Generating large-scale synthetic data sets of crystallization processes for supervised machine-learning.

PCS data sets

The data sets are distributed in the COCO format and can be downloaded from LRZ Sync+Share.

pcs_train (322558 images, 18.1 GiB): training set
pcs_validation (10000 images, 569.8 MiB): validation set (not augmented)
pcs_validation_aug (10000 images, 771.1 MiB): augmented validation set

Installation

If you want to use our data loader for machine-learning and/or experiment with augmentations:

pip3 install -e .

However, if you require a customized data set and can not achieve the desired visual effect through customized data augmentations continue to the Blender Add-on section.

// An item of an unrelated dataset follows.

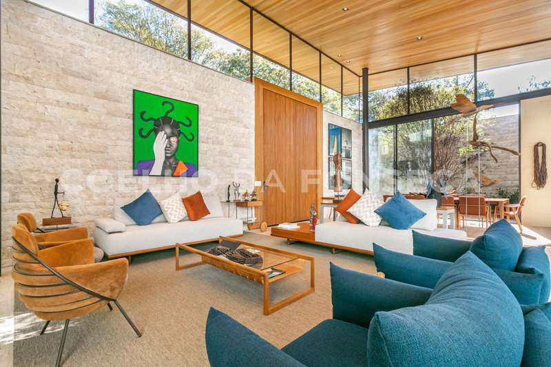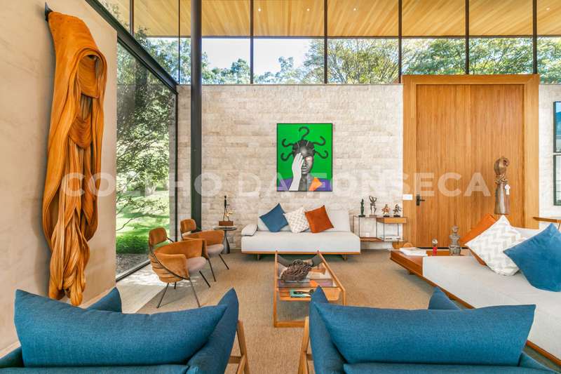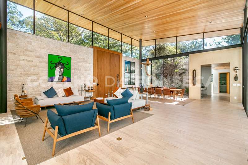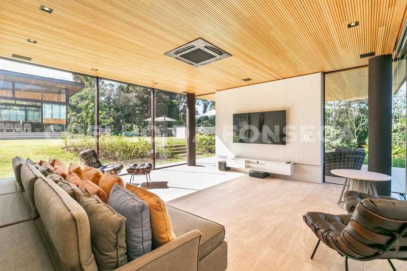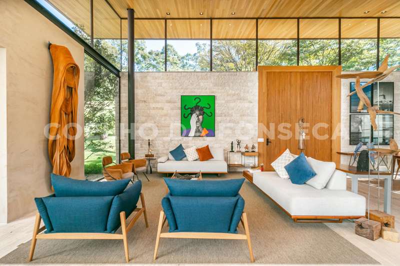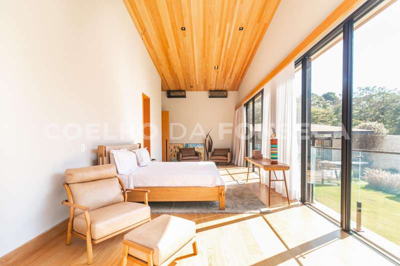 Exuberante residência em um dos condomínios de campo mais luxuosos do país, a apenas uma hora de São Paulo, com total infraestrutura. Possui 6 suítes, adega, 2 escritórios, academia, área gourmet, piscina e SPA. Projeto de Caio Bandeira, com acabamento de altíssimo padrão e detalhes impressionantes.

Data augmentation and examples

The PCS project handles data augmentations similar to Detectron2. The randomness of data augmentation is handled by PCSAugmentation objects. These create PCSTransform objects that apply the specific effect to the input images. To use the default augmentation list (PCSDefaultAugmentor):

from pcs.dataset import PCSDataset

pcs_coco = PCSDataset("pcs_validation.json") # .json needs to be in the same directory as the pcs_validation image dir
pcs_coco.use_augmentations() # use default augmentation pipeline
for img_info in pcs_coco:
    meta = img_info["meta"]
    base_img = img_info["img"]
    annotation_ids = img_info["anno_ids"]
    segmentations = img_info["segms"]
    rotated_bboxs = img_info["rbboxs"]
    augmented_img = img_info["aug_img"]
    augmented_segmentations = img_info["aug_segms"]
    augmented_rotated_bboxs = img_info["aug_rbboxs"]
    # ...
    continue

or alternatively via indexing (e.g. required by the PyTorch data loader)

from pcs.dataset import PCSDataset
import random
pcs_coco = PCSDataset("pcs_validation.json") 
pcs_coco.use_augmentations()
idx = random.randrange(len(pcs_coco))
img_info = pcs_coco[idx]

For quick visualizations of the augmented images and annotations:

from pcs.dataset import PCSDataset
from pcs.visualization import PCSDrawer
import numpy as np
import matplotlib.pyplot as plt

pcs_coco = PCSDataset("pcs_validation.json") 
drawer = PCSDrawer()
pcs_coco.use_augmentations() 
for img_info in pcs_coco:
    base_img = img_info["img"]
    segmentations = img_info["segms"]
    rotated_bboxs = img_info["rbboxs"]
    augmented_img = img_info["aug_img"]
    augmented_segmentations = img_info["aug_segms"]
    augmented_rotated_bboxs = img_info["aug_rbboxs"]
    base_img, base_img_labels = drawer(
        base_img,
        rotated_bboxs,
        segmentations=segmentations
    )
    augmented_img, augmented_img_labels = drawer(
        augmented_img,
        augmented_rotated_bboxs,
        segmentations=augmented_segmentations
    )
    display_img = np.hstack(
        (base_img, base_img_labels, augmented_img, augmented_img_labels)
    )
    plt.imshow(display_img)
    plt.show()

Without the use of augmentations (coloration is used to disambiguate overlapping crystals):
Using the default PCS augmentation pipeline (coloration is used to disambiguate overlapping crystals):

PCS Blender Add-on

Installation instructions

Download and install Blender (tested: v2.93, v3.0).
The Blender add-on requires OpenCV python bindings opencv-python. Since Blender uses its own python version, users need to install the the opencv-python package with this specific python binary. This requires you to first locate blenders installation directory BLENDER_DIR and then execute the following commands.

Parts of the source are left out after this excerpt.